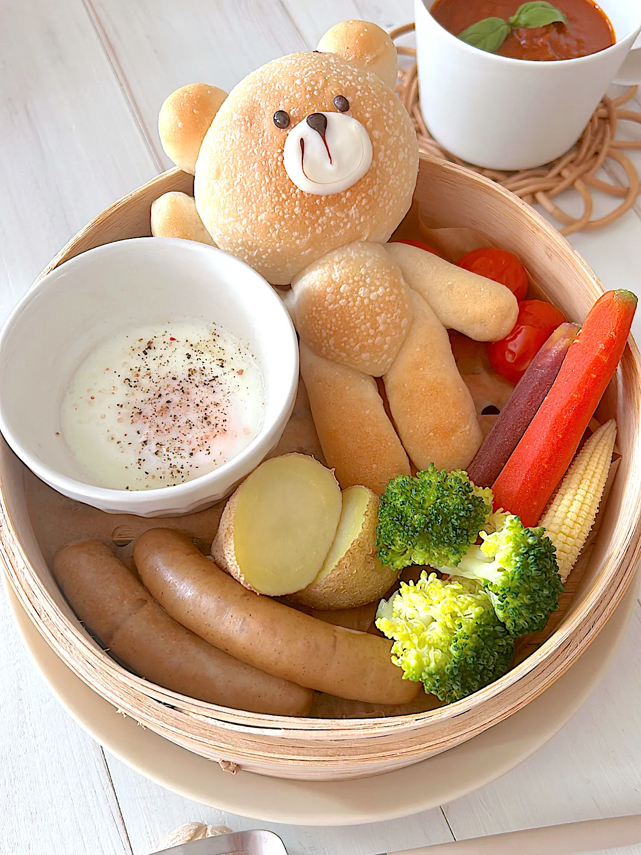 くまパンと一緒に、彩り野菜とソーセージをふんわり蒸して𓈒𓏸𓈒𓇬𓂂
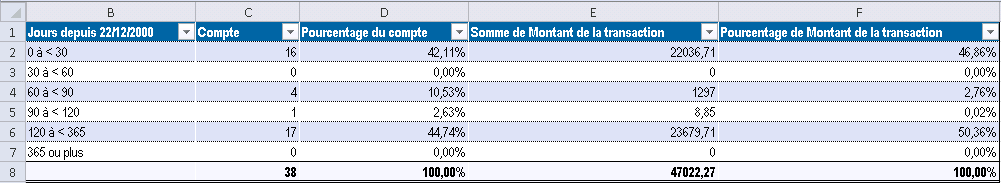 Dans vos résultats, vous voyez le nombre total de transactions par période d'antériorité, regroupées par client, et le montant total des transactions par période et par client chaque période.
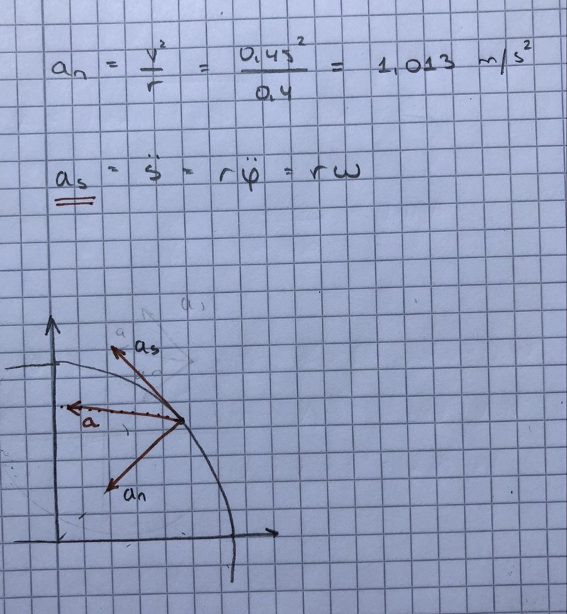 jag försöker lösa uppgiften: "En kropp rör sig medurs i en cirkulär bana med radien 400 mm. Då läget  φ=60° passeras är farten 0,45 m/s och den ökar med 0,6 m/s^2 . Beräkna accelerationsvektorns x- och y-komponenter i det aktuella läget"
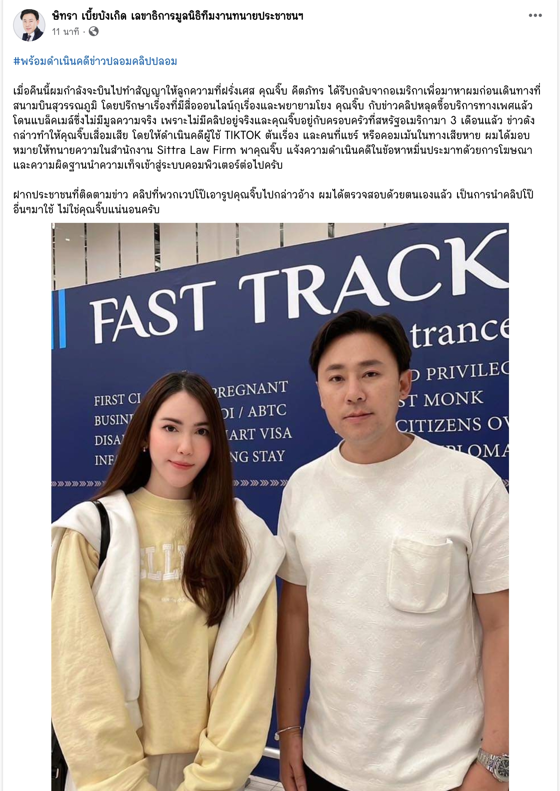 และคุณจิ๊บอยู่กับครอบครัวที่สหรัฐอเมริกามา 3 เดือนแล้ว ข่าวดังกล่าวทำให้คุณจิ๊บเสื่อมเสีย โดยให้ดำเนินคดีผู้ใช้ TIKTOK ต้นเรื่อง และคนที่แชร์ หรือคอมเม้นในทางเสียหาย ผมได้มอบหมายให้ทนายความในสำนักงาน Sittra Law Firm พาคุณจิ๊บ แจ้งความดำเนินคดีในข้อหาหมิ่นประมาทด้วยการโฆษณา และความผิดฐานนำความเท็จเข้าสู่ระบบคอมพิวเตอร์ต่อไปครับ
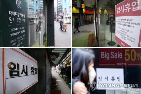 12일 서울 중구 명동 거리의 상점 입구에 임시휴업 안내문이 부착돼 있다. 코로나19 영향에 세계보건기구(WHO)의 팬데믹 선언까지 이어지며 소상공인과 자영업자들이 직격탄을 맞고 실물 경기의 한파가 이어지고 있다. (사진=연합뉴스)
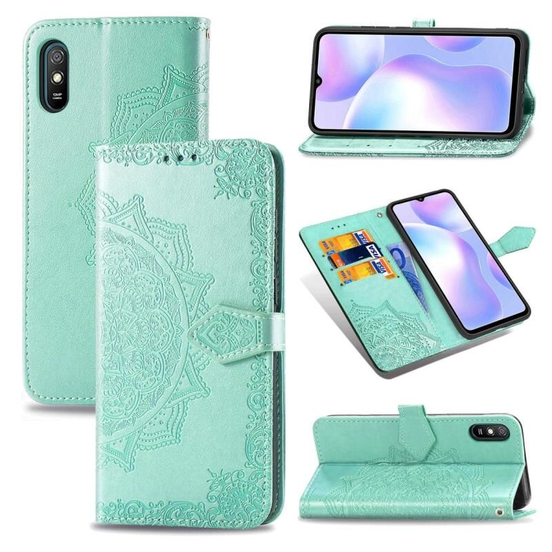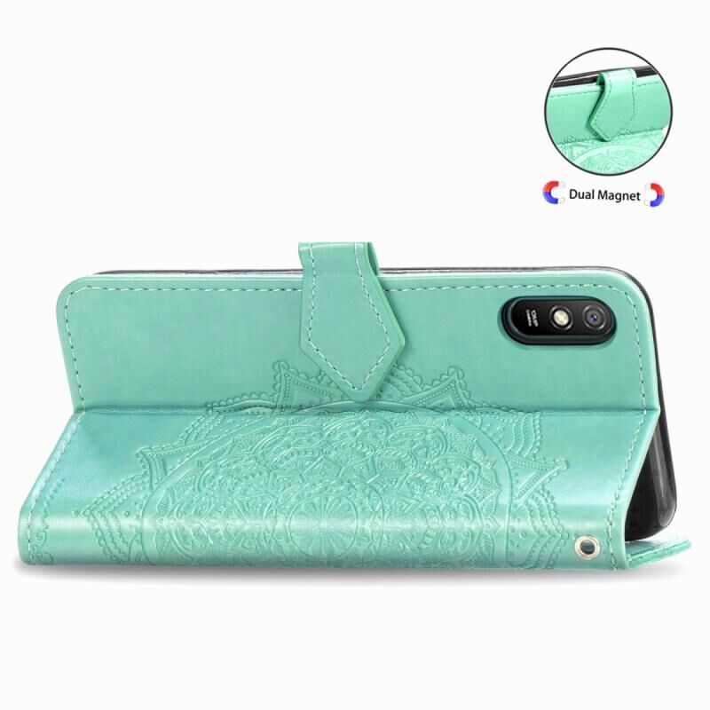 Θήκη δέρματος οριζόντιας αναδίπλωσης για Xiaomi Redmi 9A με σχέδιο Mandala σε ανάγλυφο, με βάση στήριξης, θήκες καρτών, πορτοφόλι και κορδόνι (Χρυσό Ρόδι)
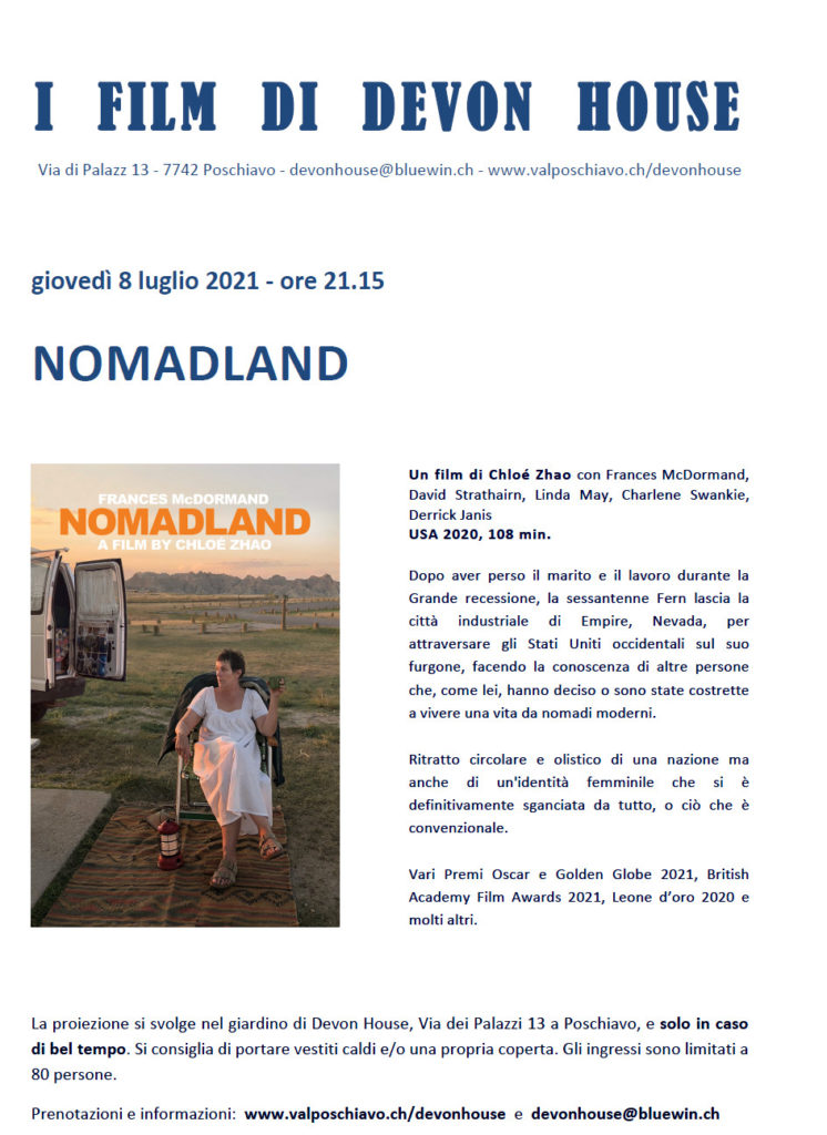 La proiezione di “Nomadland” rinviata a sabato 10 luglio
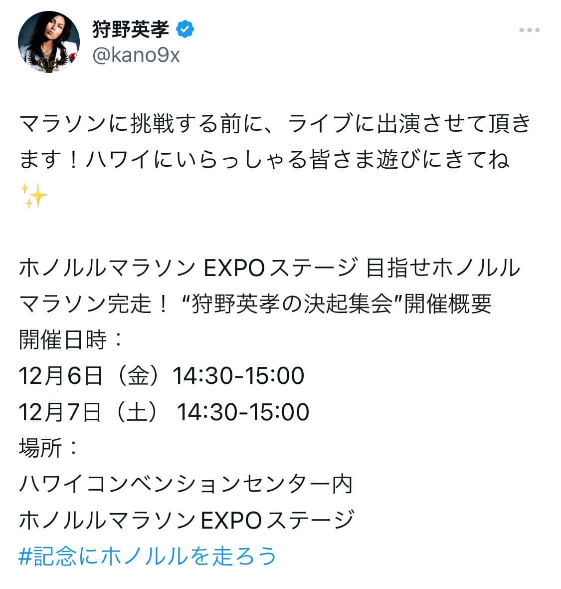 狩野英孝、#記念にホノルルを走ろうにライブ出演!ファンから応援メッセージ続々! | 話題の投稿
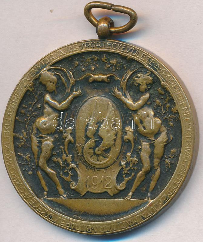 Description: 1912. "Budapest Székesfővárosi Közlekedési Részvénytársaság Sportegyesülete A Sport Terén Elért Kiváló Érdemek Jutalmazására" Br díjérem füllel (40mm) T:2 kis ph., patina
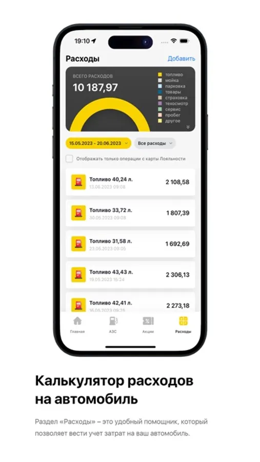 Систематизируйте учет расходов на автомобиль. Затраты на покупку топлива в сети АЗС «Роснефть» с картой лояльности будут подсчитываться автоматически.

» REQUIREMENT
Omit the pictures and set down the records exactly.

» RESPONSE TO THIS EXERCISE
 くまパンと一緒に、彩り野菜とソーセージをふんわり蒸して𓈒𓏸𓈒𓇬𓂂
 Dans vos résultats, vous voyez le nombre total de transactions par période d'antériorité, regroupées par client, et le montant total des transactions par période et par client chaque période.
 jag försöker lösa uppgiften: "En kropp rör sig medurs i en cirkulär bana med radien 400 mm. Då läget  φ=60° passeras är farten 0,45 m/s och den ökar med 0,6 m/s^2 . Beräkna accelerationsvektorns x- och y-komponenter i det aktuella läget"
 และคุณจิ๊บอยู่กับครอบครัวที่สหรัฐอเมริกามา 3 เดือนแล้ว ข่าวดังกล่าวทำให้คุณจิ๊บเสื่อมเสีย โดยให้ดำเนินคดีผู้ใช้ TIKTOK ต้นเรื่อง และคนที่แชร์ หรือคอมเม้นในทางเสียหาย ผมได้มอบหมายให้ทนายความในสำนักงาน Sittra Law Firm พาคุณจิ๊บ แจ้งความดำเนินคดีในข้อหาหมิ่นประมาทด้วยการโฆษณา และความผิดฐานนำความเท็จเข้าสู่ระบบคอมพิวเตอร์ต่อไปครับ
 12일 서울 중구 명동 거리의 상점 입구에 임시휴업 안내문이 부착돼 있다. 코로나19 영향에 세계보건기구(WHO)의 팬데믹 선언까지 이어지며 소상공인과 자영업자들이 직격탄을 맞고 실물 경기의 한파가 이어지고 있다. (사진=연합뉴스)
 Θήκη δέρματος οριζόντιας αναδίπλωσης για Xiaomi Redmi 9A με σχέδιο Mandala σε ανάγλυφο, με βάση στήριξης, θήκες καρτών, πορτοφόλι και κορδόνι (Χρυσό Ρόδι)
 La proiezione di “Nomadland” rinviata a sabato 10 luglio
 狩野英孝、#記念にホノルルを走ろうにライブ出演!ファンから応援メッセージ続々! | 話題の投稿
 Description: 1912. "Budapest Székesfővárosi Közlekedési Részvénytársaság Sportegyesülete A Sport Terén Elért Kiváló Érdemek Jutalmazására" Br díjérem füllel (40mm) T:2 kis ph., patina
 Систематизируйте учет расходов на автомобиль. Затраты на покупку топлива в сети АЗС «Роснефть» с картой лояльности будут подсчитываться автоматически.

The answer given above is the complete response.